I am thinking of cutting the runners and plant it leaf by leaf like we would with glosso.

The long runners causes a lot of problem when the fish are looking for food to eat.


----------



## Aaron (Feb 12, 2004)

How large are the leaves on your plant? The reason why I am wondering is that there is a Hydrocotyle sp. that grows here locally and I have always thought it to be sibthorpiodes. The leaves are a quarter to half an inch in diameter. Your plant looks much larger. Perhaps we've got something special growing in the weeds over here.


----------



## Steve Pituch (Jan 25, 2004)

Edge,
I would suggest that you plant at least two nodes together with two leaves. I think you need at least one undisturbed runner between two nodes for it to grow well.

Steve


----------



## EDGE (Feb 28, 2004)

Each piece was cut to have 3-4 nodes when I planted it at start. I took the whole thing out a couple weeks ago to untangle the mess it created. 

I replanted them again with 1 node this time. It has been a couple weeks since replanting. 

Without the tangle mess, the leaves stay closer to substrate rather than hanging in the air. I looked at it closely today and it is starting tangle itself into a mess again.

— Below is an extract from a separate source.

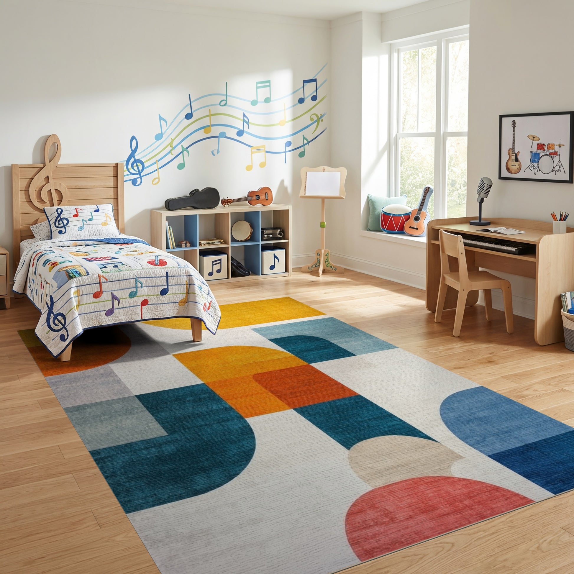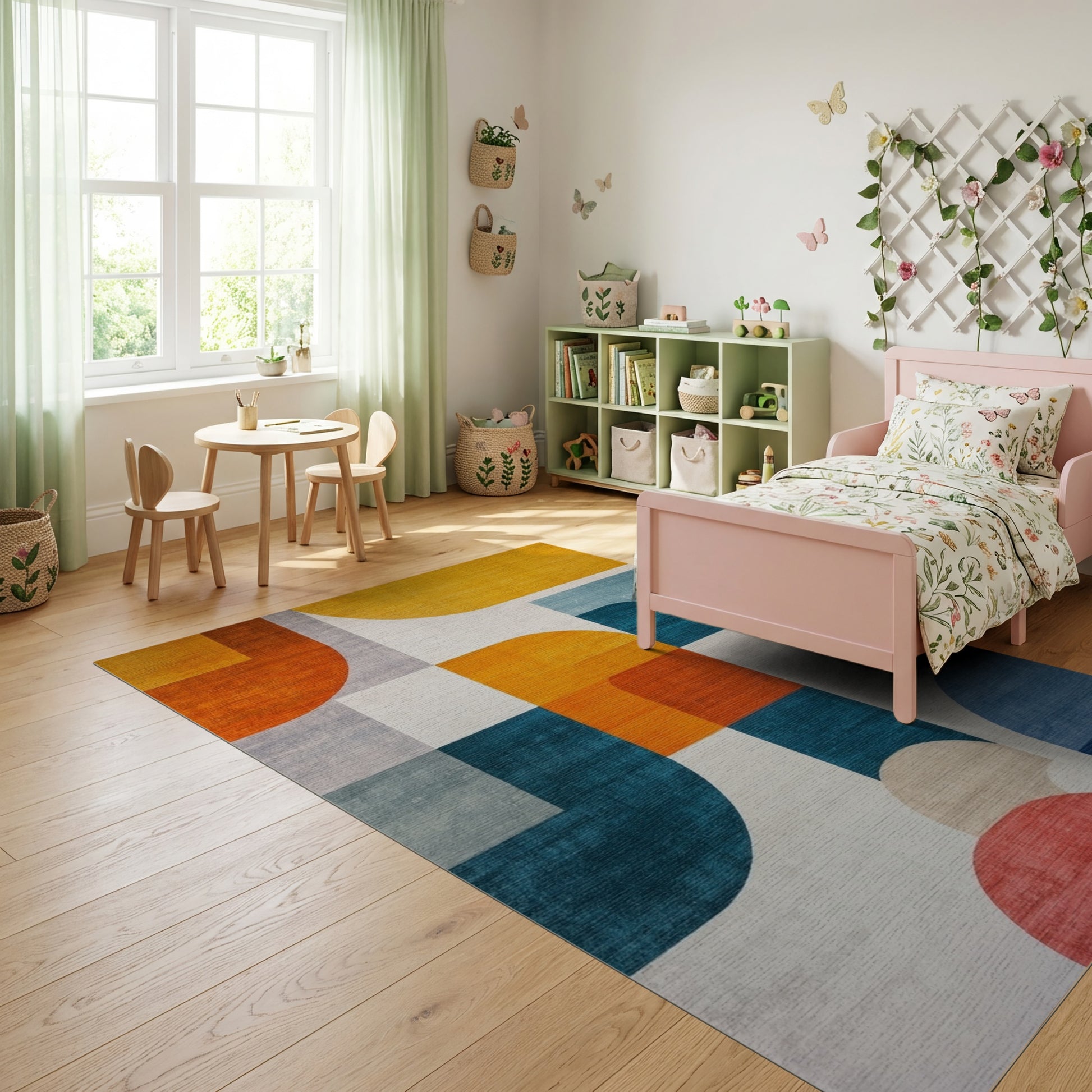 Flatwoven High Traffic Area Rug, Modern Teal Orange Geometric Abstract Rug, Non Slip, Stain Resistant, Washable Area Rugs for Study Room, Playroom, Bedroom Overview:
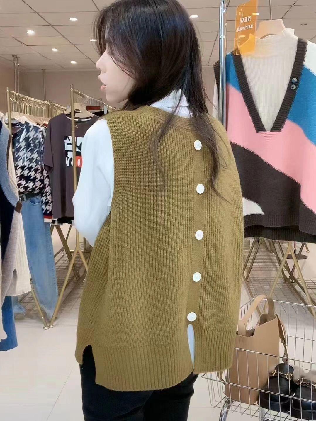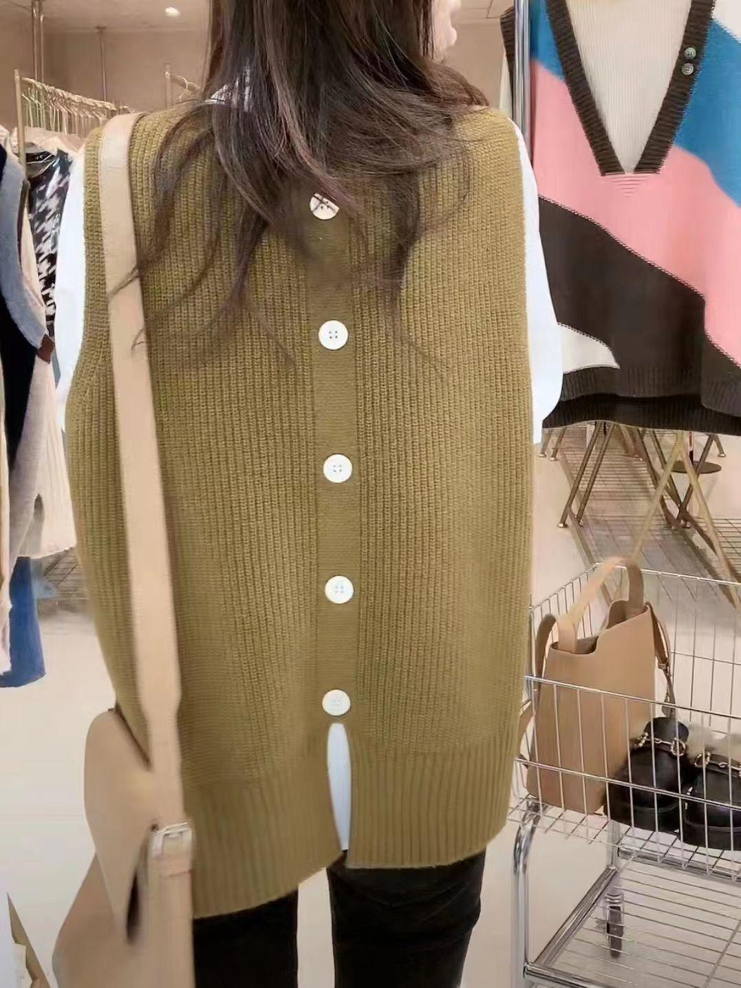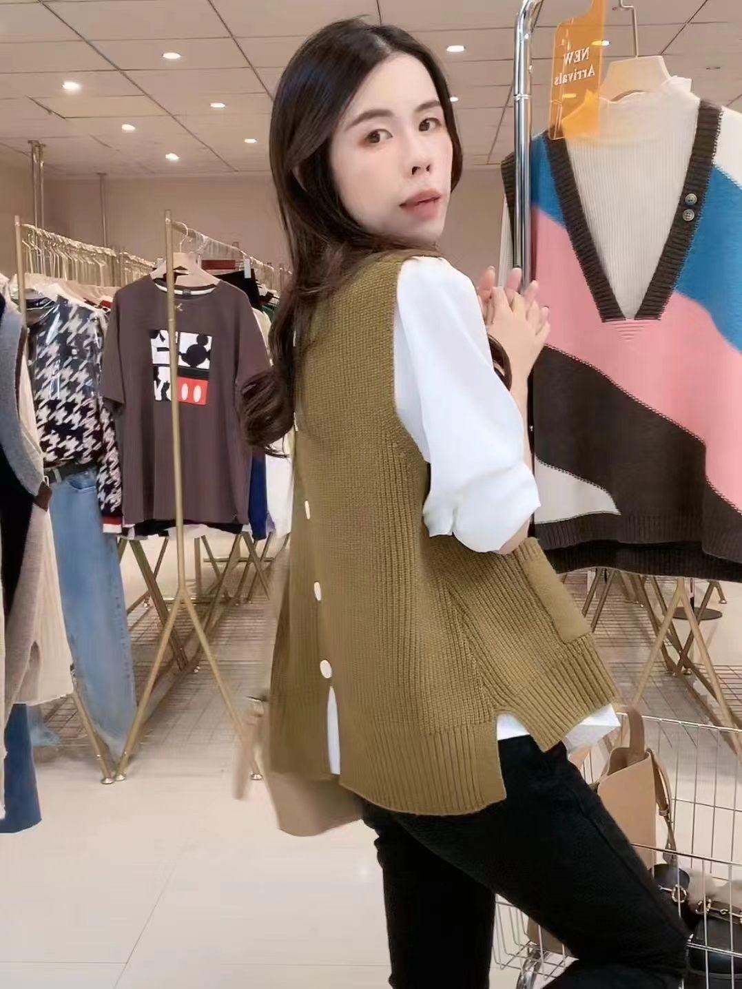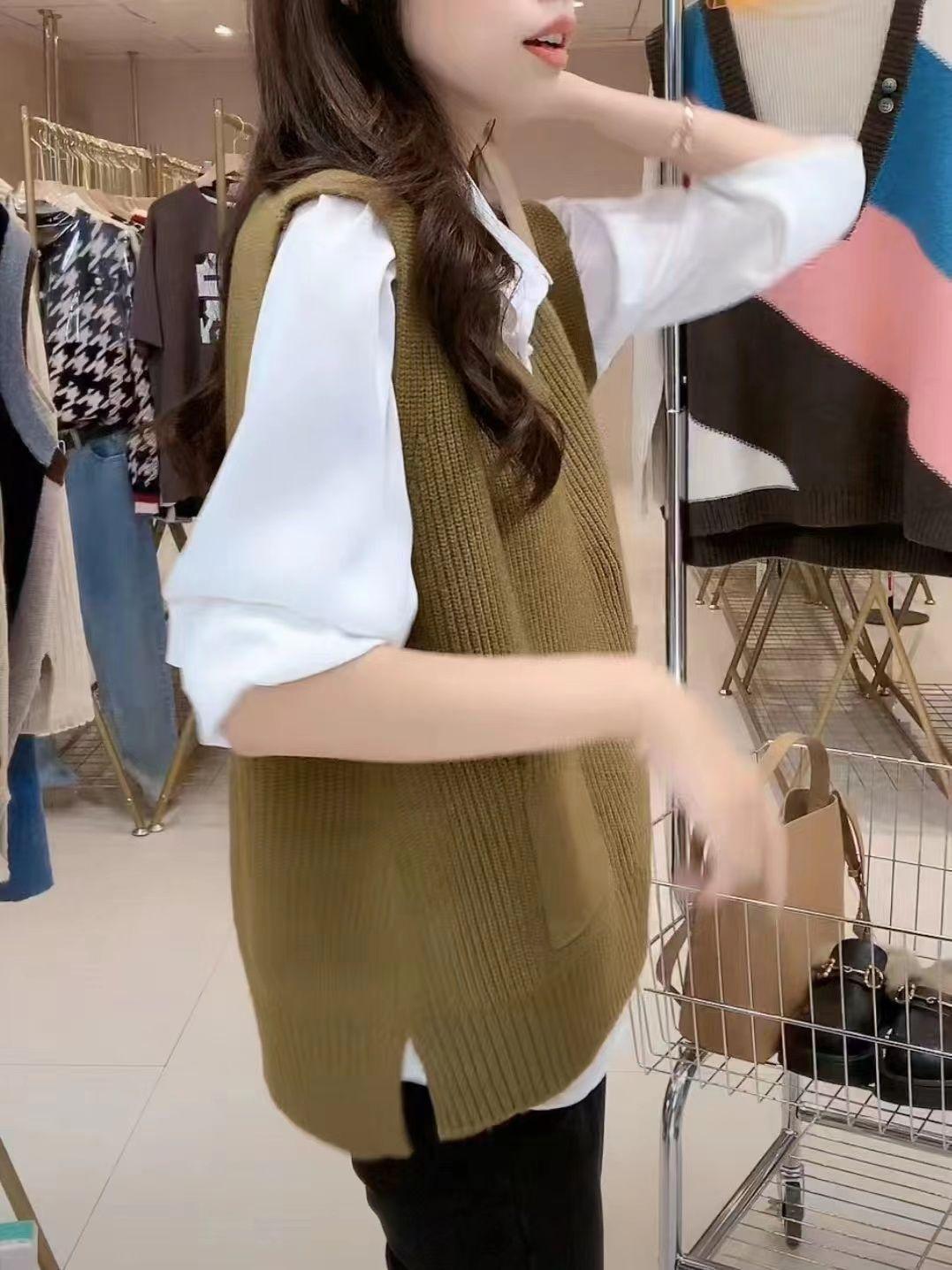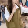 Plus size colete de malha com decote em V feminino 2023 novo estilo vintage bolso sem mangas colete pulôver top solto

It is the same setup as before, no fertilizer is added, not a closed system, and very little light (10 watt screw in PC).

I will take a photo of it tomorrow when I take photo of an outdoor emersed dome. I am experimenting the BC weather to see if I can grow swords outdoor. It looks okay so far; I will soon find out if new leaves are developing on them.

Next time I do a replant, I will take photos throughout the development. 

Aaron: The largest leaves was 1/2 to 3/4" in diameter.


----------



## EDGE (Feb 28, 2004)

Taken on May 4, 2004


----------